Yena Sharma Purmasir

“We Are the Same Sheep: Around the World in 33 Days”

This isn’t actually a poem, but an article Yena Sharma Purmasir wrote for the magazine “Mask.” However, in a snippet from the article Purmasir describes her encounter with an Iranian immigrant in Norway.

Purmasir’s article describes the journey Farshad and his family made to Norway. While they described adjusting as hard, lonely and unfamiliar, Farshad and his wife Nasrin didn’t seem regretful of the decision they made.

This piece of Purmasir’s writing doesn’t just explore immigration relations, but also comfort and exploring the world. The full text of her article is available on “Mask’s” website.

Oscar Gonzales

“We All Return to the Place Where We Were Born”

Childhood is often a time of nostalgia for the better years. In Oscar Gonzales’s poem, “We All Return to the Place Where We Were Born,” he romantically describes the world he knew as a child.

The images he gives of growing up in Honduras are often gentle – sunsets, breezes, the smell of perfume. The stark contrast to his descriptions of the U.S., where there are unpleasant seasons that come with pain and uncertainty.

His honest poetry extenuates an inner turmoil of a home that always seems better than it was, compared with an unfriendly, strange place.

Gonzales is originally from Honduras but moved to the U.S. as a teenager. However, he always carried his cultural heritage with him. Gonzales publishes works in both English and Spanish and advocates for human rights in Washington, D.C.

Li-Young Lee

“Immigration Blues”

The son of Chinese parents, Li-Young Lee and his family had to flee Indonesia in 1959 because of anti-Chinese sentiment. The family moved all across the Asian continent until they finally settled in the U.S. in 1964.

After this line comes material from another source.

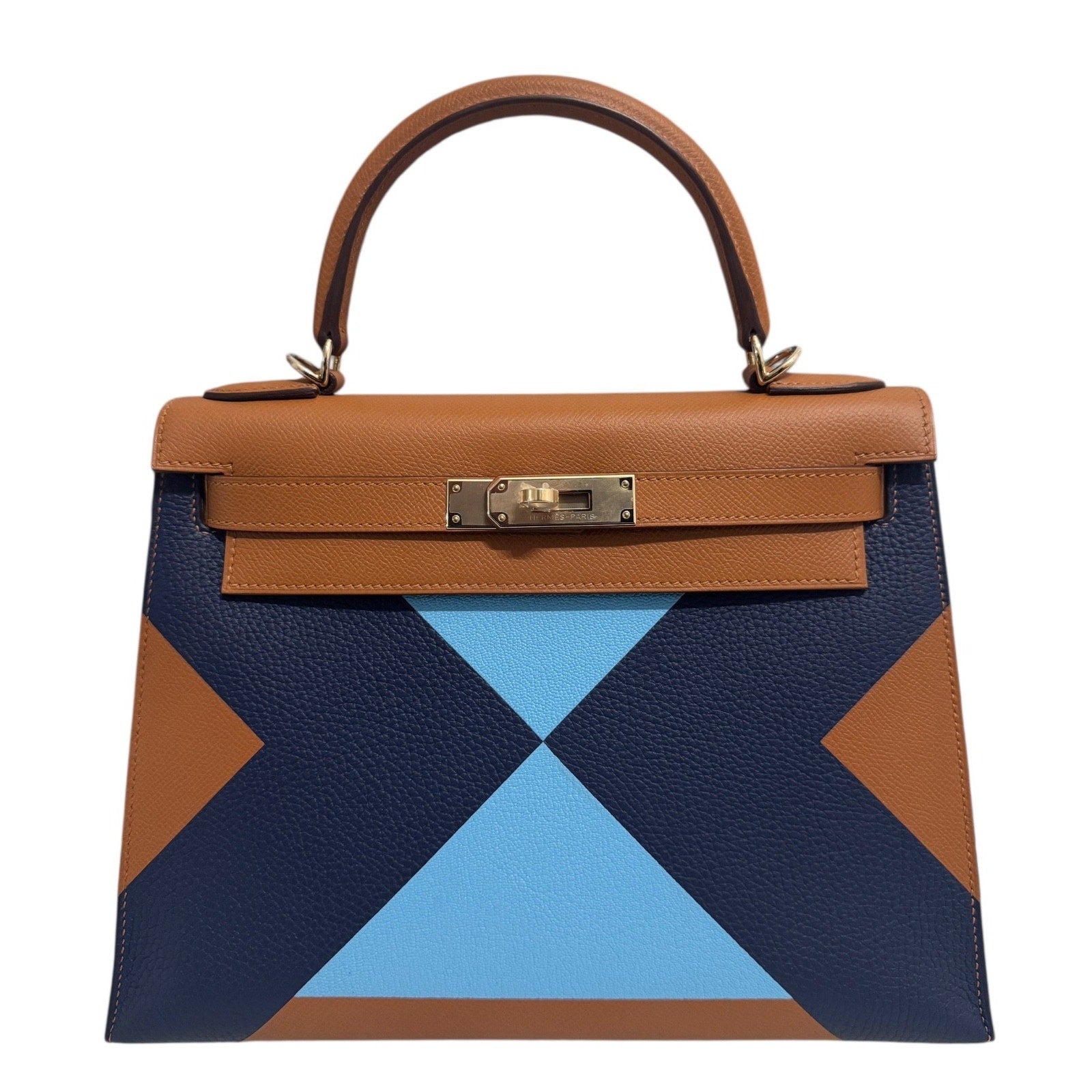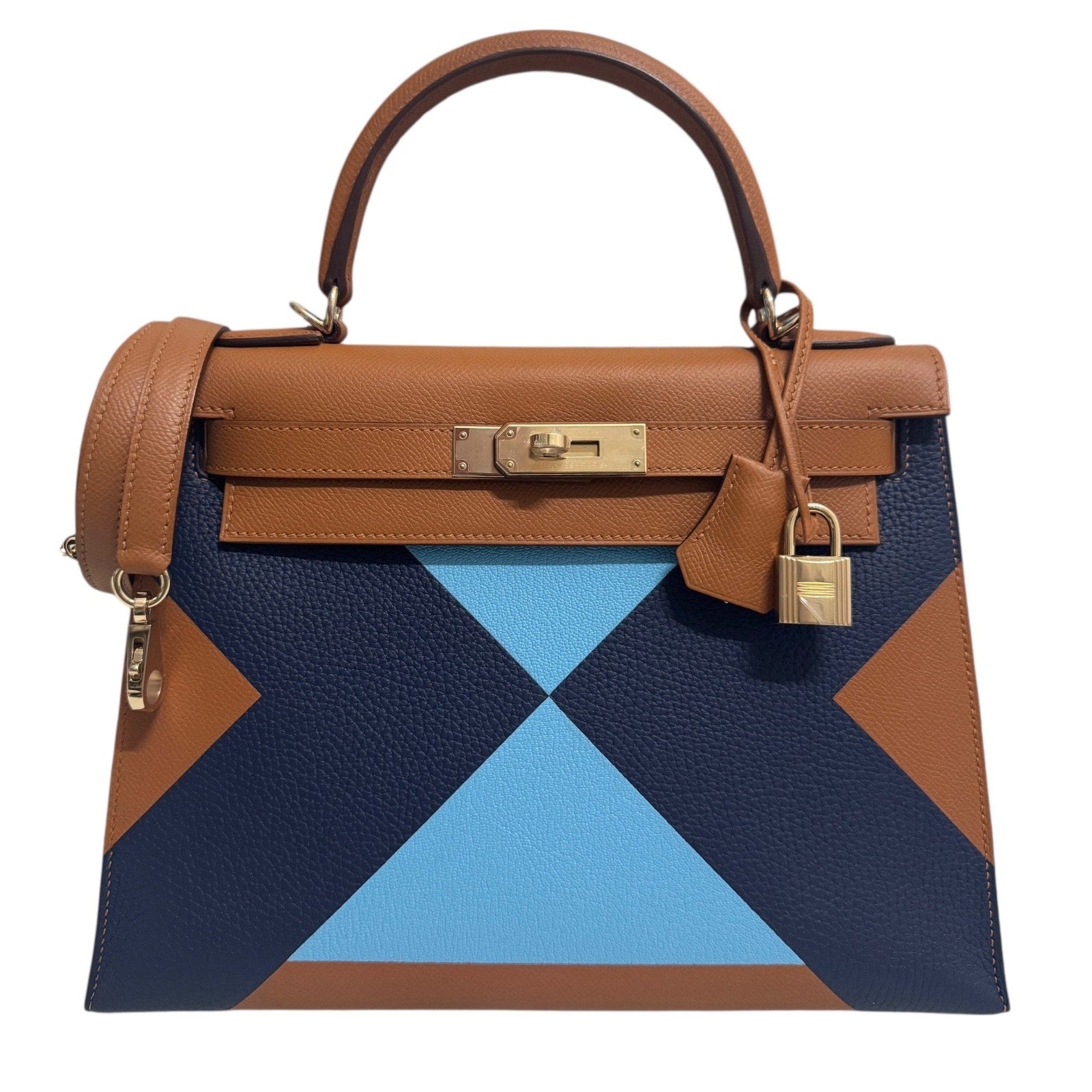 Hermes Kelly 28 Sellier Limited Kellygraphie Gold, Blue Celeste, Indigo Epsom

In Lee’s poem “Immigration Blues,” the poet describes an immigrant’s struggle in book titles. “Survival Strategies and the Melancholy of Racial Assimilation” and “Patterns of Love in Peoples of Diaspora” paint a bleak picture of people who are only trying to find their footing in a new setting.

Lee adds personal experience to this poem, making this an intimate recollection of the struggles the child of an immigrant can experience.